**What is needed**:
Reproduce each record verbatim, images excluded.

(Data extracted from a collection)

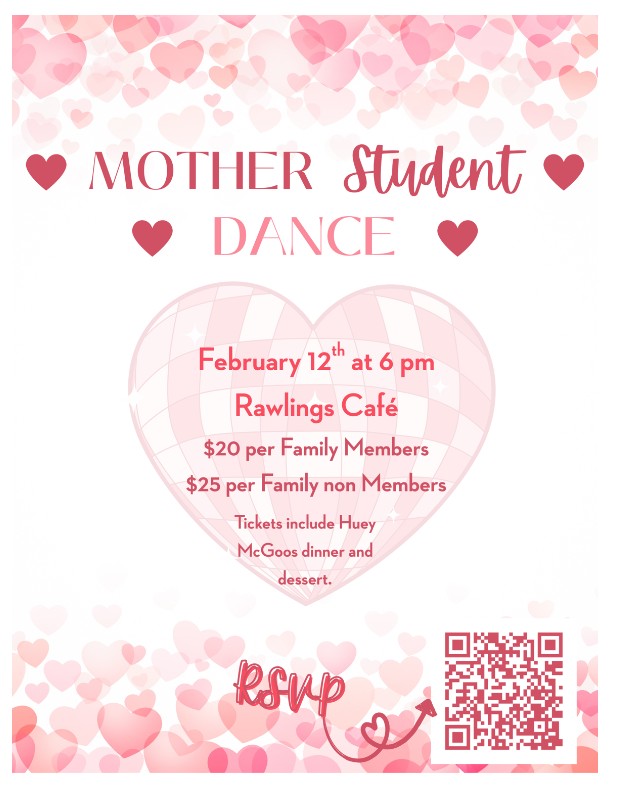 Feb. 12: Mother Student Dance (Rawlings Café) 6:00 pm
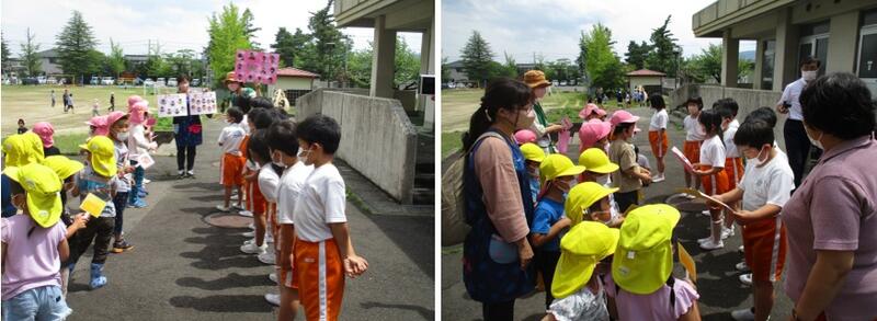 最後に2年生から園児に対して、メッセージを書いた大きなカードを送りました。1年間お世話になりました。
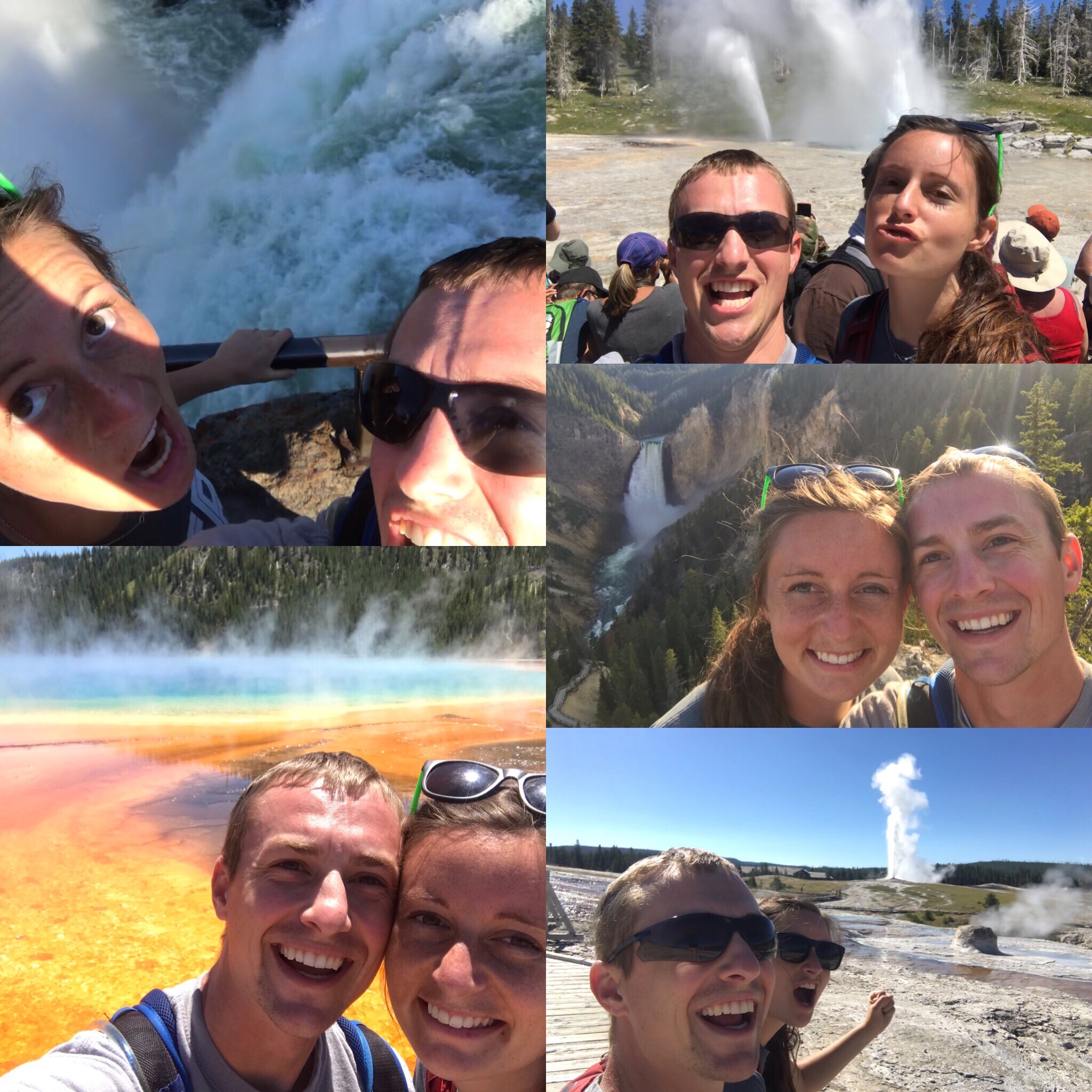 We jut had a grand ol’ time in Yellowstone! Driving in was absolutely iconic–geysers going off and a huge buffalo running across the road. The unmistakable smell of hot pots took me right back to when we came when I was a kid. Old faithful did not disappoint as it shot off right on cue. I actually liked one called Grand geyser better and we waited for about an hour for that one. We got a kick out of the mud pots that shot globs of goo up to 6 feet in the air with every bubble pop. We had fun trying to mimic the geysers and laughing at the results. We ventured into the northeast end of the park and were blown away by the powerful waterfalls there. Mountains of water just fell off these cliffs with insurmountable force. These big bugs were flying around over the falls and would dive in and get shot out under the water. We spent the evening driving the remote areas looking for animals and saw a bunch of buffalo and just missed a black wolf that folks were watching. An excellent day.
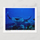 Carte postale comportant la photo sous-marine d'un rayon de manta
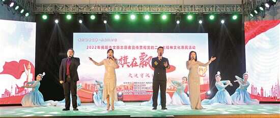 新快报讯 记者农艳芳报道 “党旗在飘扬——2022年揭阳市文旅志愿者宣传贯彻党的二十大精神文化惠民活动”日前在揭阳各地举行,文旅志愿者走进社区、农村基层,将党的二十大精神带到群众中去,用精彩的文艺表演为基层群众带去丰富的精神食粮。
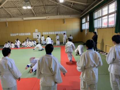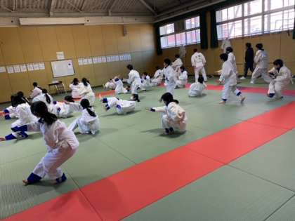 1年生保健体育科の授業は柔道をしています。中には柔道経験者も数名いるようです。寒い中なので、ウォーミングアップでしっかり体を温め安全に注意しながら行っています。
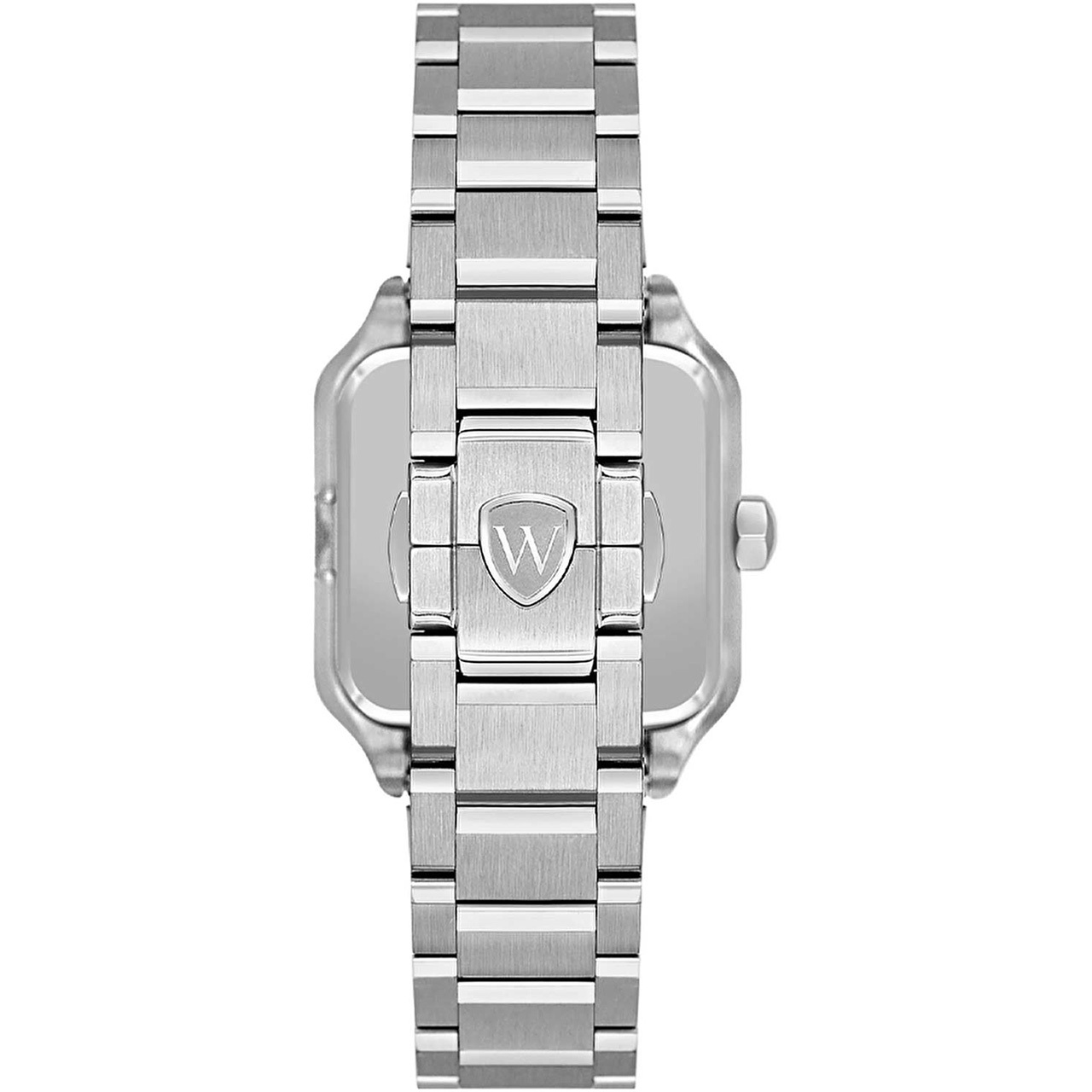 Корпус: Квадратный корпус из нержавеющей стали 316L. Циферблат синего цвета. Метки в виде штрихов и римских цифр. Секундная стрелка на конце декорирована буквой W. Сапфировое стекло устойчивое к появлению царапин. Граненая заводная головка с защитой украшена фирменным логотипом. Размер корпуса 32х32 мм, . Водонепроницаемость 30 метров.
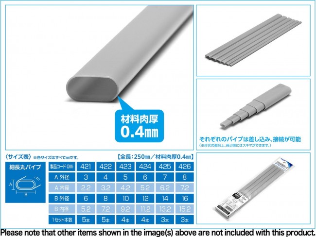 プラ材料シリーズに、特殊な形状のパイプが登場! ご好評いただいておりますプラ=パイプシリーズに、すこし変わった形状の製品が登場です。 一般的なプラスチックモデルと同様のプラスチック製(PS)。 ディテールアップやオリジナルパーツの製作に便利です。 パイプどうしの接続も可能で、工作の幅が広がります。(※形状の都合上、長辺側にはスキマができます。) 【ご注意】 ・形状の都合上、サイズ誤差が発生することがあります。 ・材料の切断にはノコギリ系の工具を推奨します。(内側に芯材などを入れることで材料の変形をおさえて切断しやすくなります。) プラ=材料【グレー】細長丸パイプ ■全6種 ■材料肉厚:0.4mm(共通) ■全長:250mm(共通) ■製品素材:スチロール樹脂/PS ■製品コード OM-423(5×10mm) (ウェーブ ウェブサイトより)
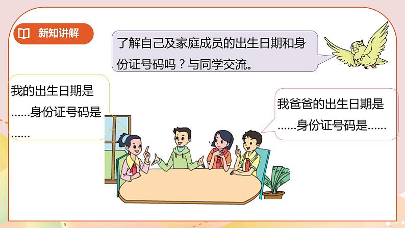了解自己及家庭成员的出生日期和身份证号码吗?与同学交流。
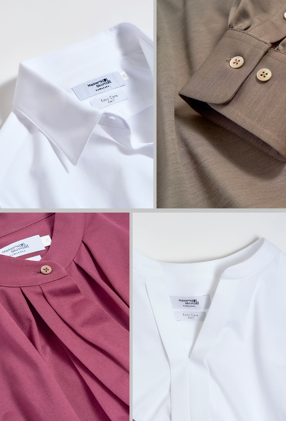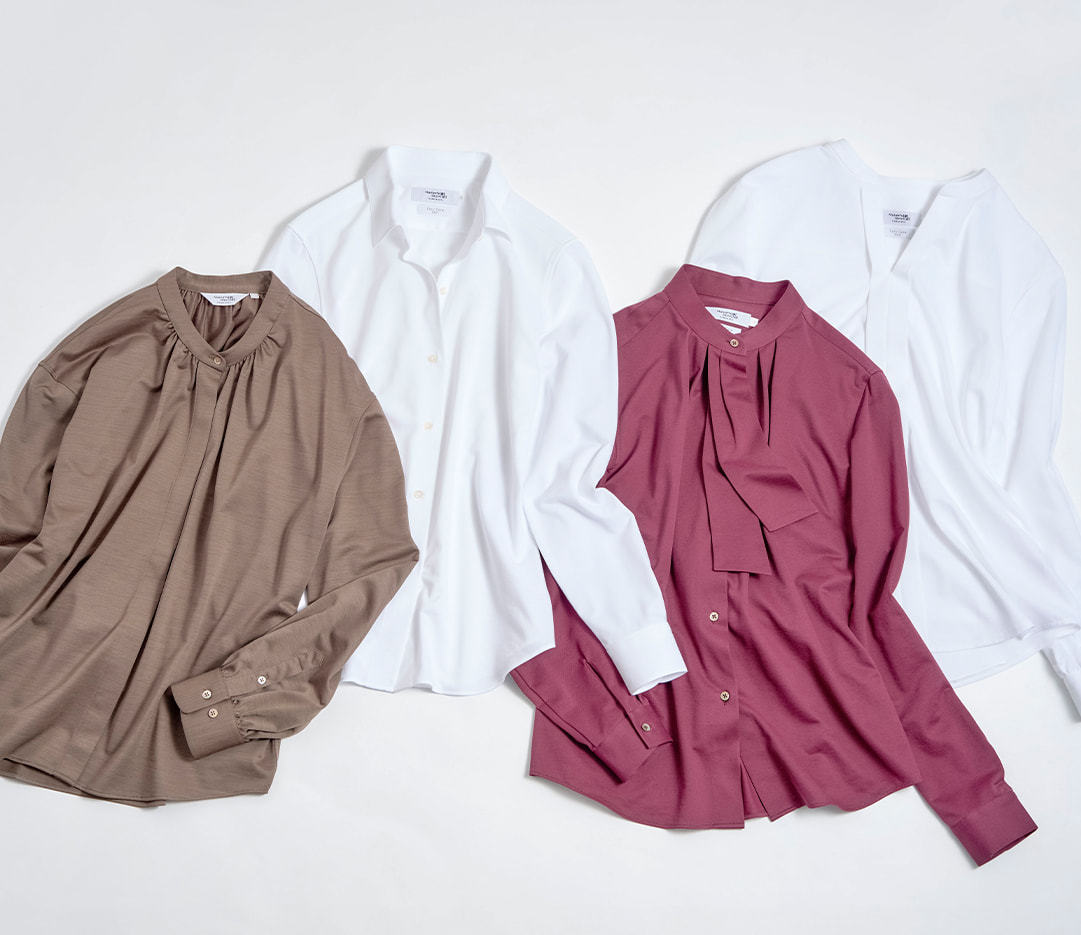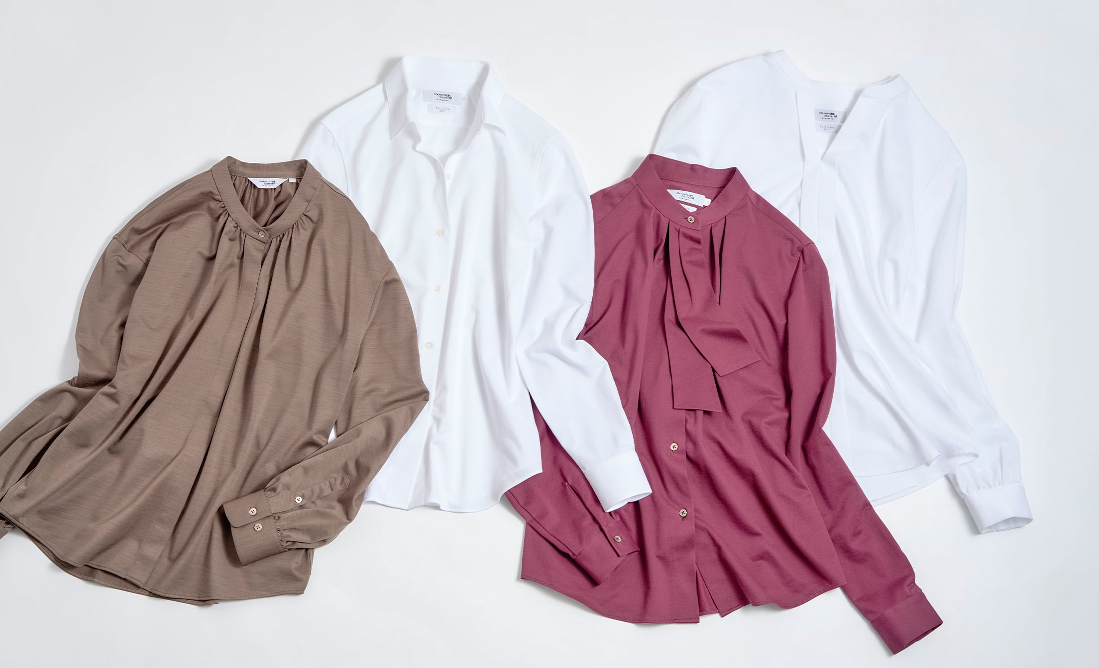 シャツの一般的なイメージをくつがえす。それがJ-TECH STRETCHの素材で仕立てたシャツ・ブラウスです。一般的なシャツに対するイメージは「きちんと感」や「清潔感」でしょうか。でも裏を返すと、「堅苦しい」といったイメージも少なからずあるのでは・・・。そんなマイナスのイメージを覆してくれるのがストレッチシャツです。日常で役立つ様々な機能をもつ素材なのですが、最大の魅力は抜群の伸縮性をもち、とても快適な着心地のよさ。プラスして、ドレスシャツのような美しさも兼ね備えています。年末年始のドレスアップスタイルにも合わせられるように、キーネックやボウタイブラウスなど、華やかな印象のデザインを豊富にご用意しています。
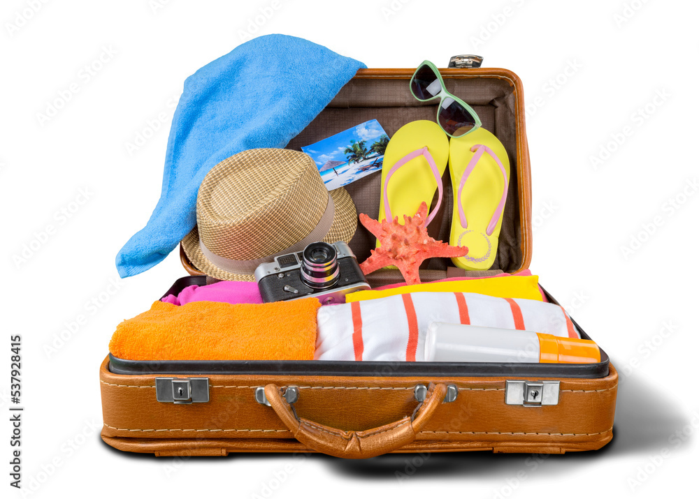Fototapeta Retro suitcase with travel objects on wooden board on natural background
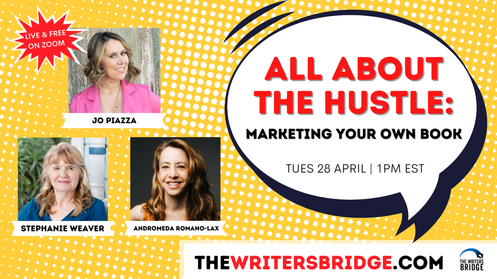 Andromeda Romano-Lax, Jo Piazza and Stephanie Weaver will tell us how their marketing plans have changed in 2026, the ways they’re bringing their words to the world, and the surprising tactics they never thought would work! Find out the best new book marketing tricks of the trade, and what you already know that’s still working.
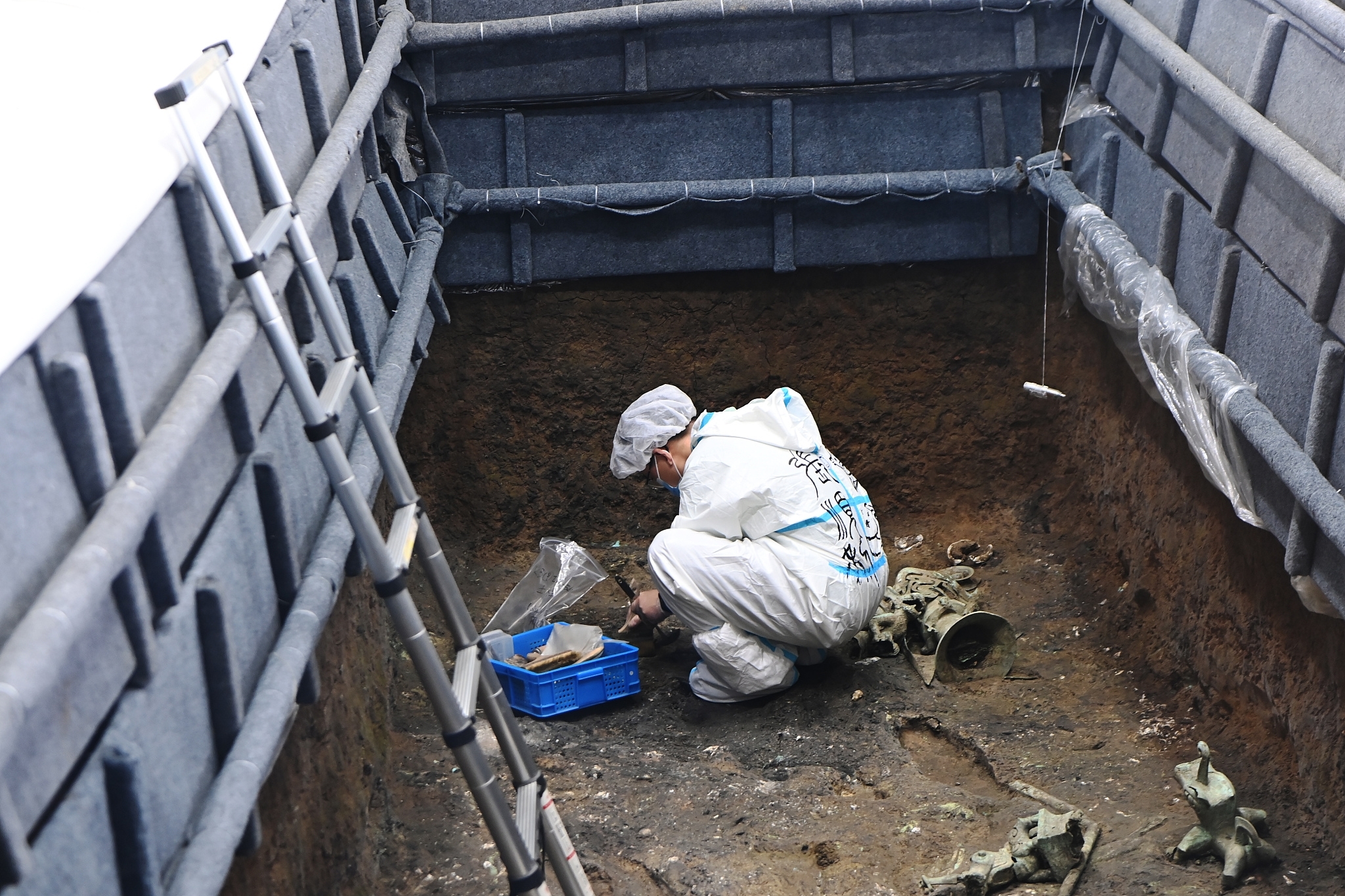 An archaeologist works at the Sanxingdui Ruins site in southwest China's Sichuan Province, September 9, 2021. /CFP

**Answer area**:
 Feb. 12: Mother Student Dance (Rawlings Café) 6:00 pm
 最後に2年生から園児に対して、メッセージを書いた大きなカードを送りました。1年間お世話になりました。
 We jut had a grand ol’ time in Yellowstone! Driving in was absolutely iconic–geysers going off and a huge buffalo running across the road. The unmistakable smell of hot pots took me right back to when we came when I was a kid. Old faithful did not disappoint as it shot off right on cue. I actually liked one called Grand geyser better and we waited for about an hour for that one. We got a kick out of the mud pots that shot globs of goo up to 6 feet in the air with every bubble pop. We had fun trying to mimic the geysers and laughing at the results. We ventured into the northeast end of the park and were blown away by the powerful waterfalls there. Mountains of water just fell off these cliffs with insurmountable force. These big bugs were flying around over the falls and would dive in and get shot out under the water. We spent the evening driving the remote areas looking for animals and saw a bunch of buffalo and just missed a black wolf that folks were watching. An excellent day.
 Carte postale comportant la photo sous-marine d'un rayon de manta
 新快报讯 记者农艳芳报道 “党旗在飘扬——2022年揭阳市文旅志愿者宣传贯彻党的二十大精神文化惠民活动”日前在揭阳各地举行,文旅志愿者走进社区、农村基层,将党的二十大精神带到群众中去,用精彩的文艺表演为基层群众带去丰富的精神食粮。
 1年生保健体育科の授業は柔道をしています。中には柔道経験者も数名いるようです。寒い中なので、ウォーミングアップでしっかり体を温め安全に注意しながら行っています。
 Корпус: Квадратный корпус из нержавеющей стали 316L. Циферблат синего цвета. Метки в виде штрихов и римских цифр. Секундная стрелка на конце декорирована буквой W. Сапфировое стекло устойчивое к появлению царапин. Граненая заводная головка с защитой украшена фирменным логотипом. Размер корпуса 32х32 мм, . Водонепроницаемость 30 метров.
 プラ材料シリーズに、特殊な形状のパイプが登場! ご好評いただいておりますプラ=パイプシリーズに、すこし変わった形状の製品が登場です。 一般的なプラスチックモデルと同様のプラスチック製(PS)。 ディテールアップやオリジナルパーツの製作に便利です。 パイプどうしの接続も可能で、工作の幅が広がります。(※形状の都合上、長辺側にはスキマができます。) 【ご注意】 ・形状の都合上、サイズ誤差が発生することがあります。 ・材料の切断にはノコギリ系の工具を推奨します。(内側に芯材などを入れることで材料の変形をおさえて切断しやすくなります。) プラ=材料【グレー】細長丸パイプ ■全6種 ■材料肉厚:0.4mm(共通) ■全長:250mm(共通) ■製品素材:スチロール樹脂/PS ■製品コード OM-423(5×10mm) (ウェーブ ウェブサイトより)
了解自己及家庭成员的出生日期和身份证号码吗?与同学交流。
 シャツの一般的なイメージをくつがえす。それがJ-TECH STRETCHの素材で仕立てたシャツ・ブラウスです。一般的なシャツに対するイメージは「きちんと感」や「清潔感」でしょうか。でも裏を返すと、「堅苦しい」といったイメージも少なからずあるのでは・・・。そんなマイナスのイメージを覆してくれるのがストレッチシャツです。日常で役立つ様々な機能をもつ素材なのですが、最大の魅力は抜群の伸縮性をもち、とても快適な着心地のよさ。プラスして、ドレスシャツのような美しさも兼ね備えています。年末年始のドレスアップスタイルにも合わせられるように、キーネックやボウタイブラウスなど、華やかな印象のデザインを豊富にご用意しています。
Fototapeta Retro suitcase with travel objects on wooden board on natural background
 Andromeda Romano-Lax, Jo Piazza and Stephanie Weaver will tell us how their marketing plans have changed in 2026, the ways they’re bringing their words to the world, and the surprising tactics they never thought would work! Find out the best new book marketing tricks of the trade, and what you already know that’s still working.
 An archaeologist works at the Sanxingdui Ruins site in southwest China's Sichuan Province, September 9, 2021. /CFP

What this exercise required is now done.